[The data]
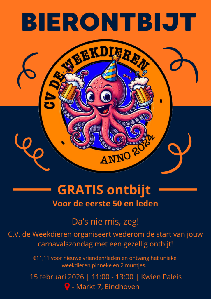 Want nadat je Carnaval weer goed gestart bent op zaterdag, kan je weer gezellig bij ons komen ontbijten!
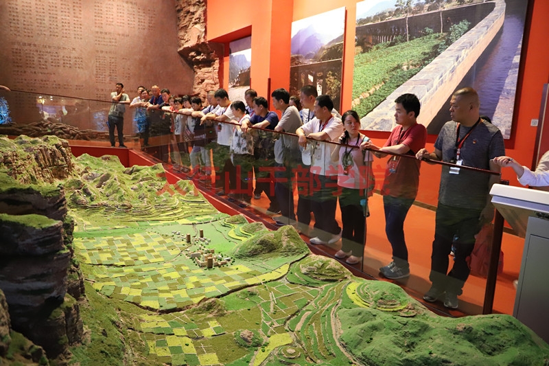 紅旗渠紀念館不僅是一座以研究、展示、傳承、收藏紅旗渠歷史的一座展館。也是我們學員感悟“自力更生、艱苦創(chuàng)業(yè)”的紅旗渠精神的一個重要窗口。學員們在展館前留念,并進行現場教學。
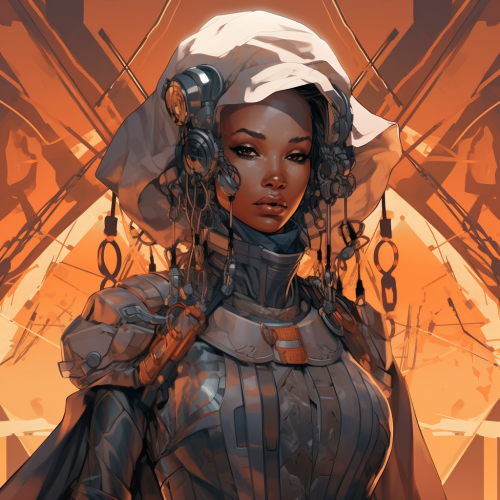 a photorealistic portrait of a mature woman from a futuristic Sci-Fi setting. She has orange skin, long white hair and pupilless white eyes. She wears a yellow robe with the hood pulled down and is standing on the bridge of her personal ship. --ar 2:3 --v 6.1
[/The data]
Work to complete: Pictures excluded, quote all the data above exactly.

Solution:
 Want nadat je Carnaval weer goed gestart bent op zaterdag, kan je weer gezellig bij ons komen ontbijten!
 紅旗渠紀念館不僅是一座以研究、展示、傳承、收藏紅旗渠歷史的一座展館。也是我們學員感悟“自力更生、艱苦創(chuàng)業(yè)”的紅旗渠精神的一個重要窗口。學員們在展館前留念,并進行現場教學。
 a photorealistic portrait of a mature woman from a futuristic Sci-Fi setting. She has orange skin, long white hair and pupilless white eyes. She wears a yellow robe with the hood pulled down and is standing on the bridge of her personal ship. --ar 2:3 --v 6.1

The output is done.